Dunhuang ist mit seinen Mogao-Grotten (UNESCO Weltkulturerbe) ein beliebtes Ziel für Touristen. Mit einer Bevölkerung von 142.000 Einwohnern zählt die Stadt in der Provinz Gansu zu den kleineren Städten Chinas. Dunhuang bietet hervorragende Bedingungen für den Betrieb von Solaranlagen aufgrund der hohen Sonneneinstrahlung und einer großen Wüstenfläche. Der örtliche Solarpark mit 663 MWp installierter Leistung  produziert jährlich rund 640 GWh Strom (Stand: 2015). Hinzu kommen rund 160 GWh, die aus Wasserkraft gewonnen werden.
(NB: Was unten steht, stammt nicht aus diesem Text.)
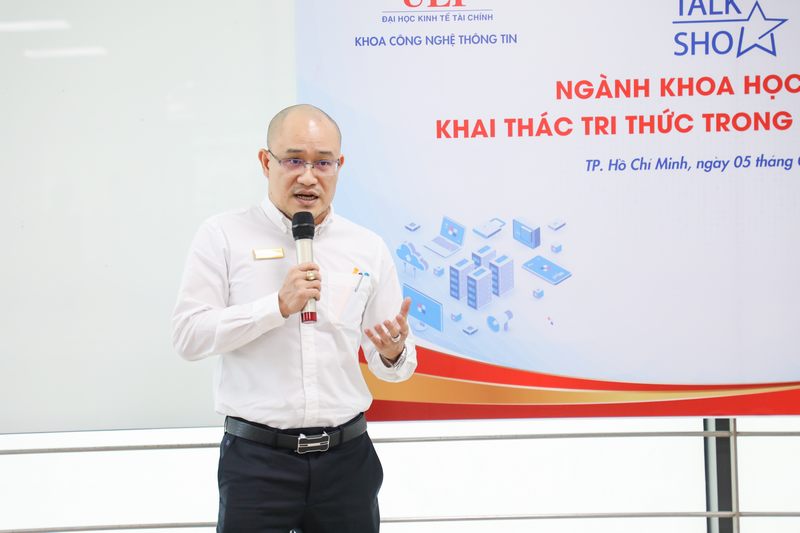 Tham gia chia sẻ trong chương trình là ThS. Lê Ngọc Thạch – đại diện công ty Hahalolo, chuyên gia có nhiều năm kinh nghiệm làm việc trong lĩnh vực khoa học dữ liệu. Talkshow còn có sự tham gia Ban chủ nhiệm khoa và đông đảo sinh viên các khóa ngành Công nghệ thông tin.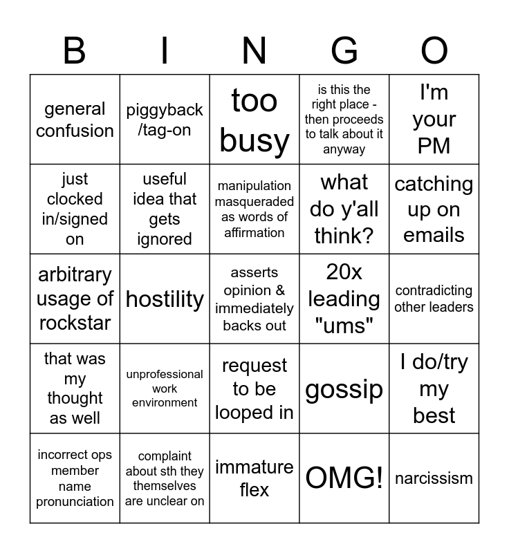 This bingo card has 30 words: complaint about sth they themselves are unclear on, arbitrary deadline goal setting, hostility, "I have nothing for the group", general confusion, too busy, useful idea that gets ignored, request to be looped in, 20x leading "ums", immature flex, contradicting other leaders, asserts opinion & immediately backs out, OMG!, narcissism, catching up on emails, deferring authority, gossip, that was my thought as well, unprofessional work environment, I'm your PM, arbitrary usage of rockstar, swearing, piggyback /tag-on, what do y'all think?, just clocked in/signed on, is this the right place - then proceeds to talk about it anyway, I do/try my best, incorrect ops member name pronunciation, manipulation masqueraded as words of affirmation and improper request for training as solutions.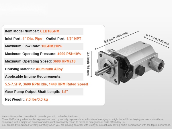 Hydraulinen hammastettu pumppu, jossa on kestävä, korroosionkestävä alumiiniseosrunko. Virtaus on 16GPM (noin 60.6 l/min) ja suurin työpaine 4000 PSI (27.6MPa), joten pumppu soveltuu erilaisten puulajien halkaisuun ja muuhun raskaaseen käyttöön pienmoottorin kanssa.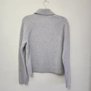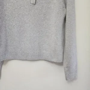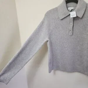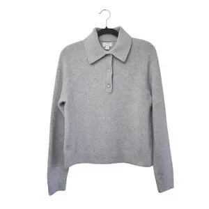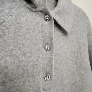 tags: neutral, contemporary, minimalist, modern, fall, winter, christmas sweater, girly, feminine, minimalist chic, classic preppy style, cozy cashmere blend, neutral gray knit, polished collared sweater, elevated casual wear, timeless wardrobe staple, soft luxe texture, refined everyday knitwear, quiet luxury, effortless sophistication, versatile layering piece, autumn winter essential, upscale loungewear vibe, clean tailored look, Parisian minimalist, relaxed yet polished, neutral capsule wardrobe, classic button placket detail, understated elegance, soft romantic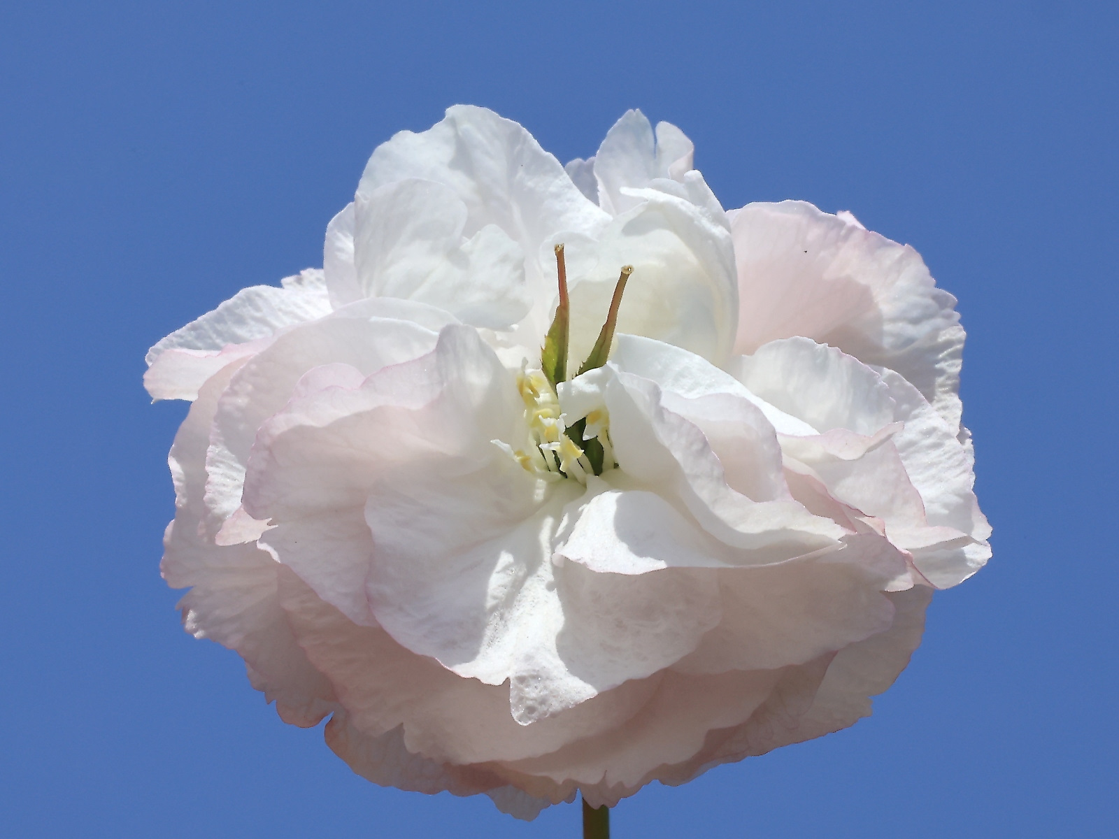 MEMO: 開花したばかりの普賢象で、八重咲きの大輪で、花色は 咲き始めは淡紅色で後に淡灰白色に変化し、とても豪華な花姿の桜です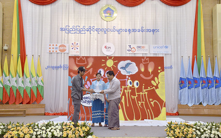 The Union Minister highlighted on the education reform and the interrelations among development, learning and teaching in child development programme that is very fundamental for adult learning processes. He also emphasized that the merger of child development programme and the early child development measures will need the contribution of parents and teachers. The Union Minster also affirmed that the government has believed all the young people should enjoy equal and fair rights regardless of different places where they have grown up. In his conclusion remark, Dr Win Myat Aye invited all the young people, quoting the theme of International Youth Day 2019, “Transforming education”, to contribute their efforts together with the government.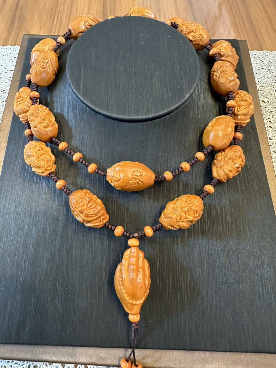 - K-304 文玩 オリーブ核彫刻 十八羅漢 ルドラクシャ ネックレス お守り

Damit erzeugte Dunhuang im Jahr 2015 bereits mehr als 2,5-mal so viel Strom aus erneuerbaren Energien wie es selbst verbraucht (rund 307 GWh). Mehr als die Hälfte des 2015 aus erneuerbaren Energien erzeugten Stroms wurde in andere Provinzen Chinas exportiert. Strom machte 2015 nur rund 7% des Endenergiebedarfs aus, während Wärme und Verkehr für ca. 74% bzw. 19% verantwortlich waren. Um die lokale Nutzung des aus erneuerbaren Energien erzeugten Stroms zu steigern und deren Anteil am Endenergiebedarf anzuheben, plant die Stadt, den überschüssigen Solarstrom für die Wärmeversorgung sowie die Elektrifizierung des öffentlichen Nah- und Tourismusverkehrs zu nutzen. So soll der Energiebedarf für Strom, Wärme und Transport bis zum Jahr 2020 zu 100% aus erneuerbaren Energien gedeckt werden. Das im Rahmen des IKI-Projekts entwickelte Energiekonzept beinhaltet konkrete Maßnahmen sowie Projektvorschläge zur Erhöhung des Anteils der erneuerbare Energien am städtischen Energieverbrauch. Umgesetzt wird das IKI-Vorhaben von der Deutschen Gesellschaft für internationale Zusammenarbeit (GIZ) GmbH zusammen mit dem der Nationalen Energieadministration der V.R. China (NEA) und dem Nationalen Zentrum für erneuerbare Energien (CNREC).

Das Interesse in China an deutschen Erfahrungen mit der Förderung von lokalem Klimaschutz und der Entwicklung von langfristigen Strategien zum Umbau der lokalen Energieversorgung wächst. Dabei bietet neben der IKI vor allem die Nationale Klimaschutzinitiative des BMUB gute Ansatzpunkte für eine Vertiefung des bilateralen Austausches.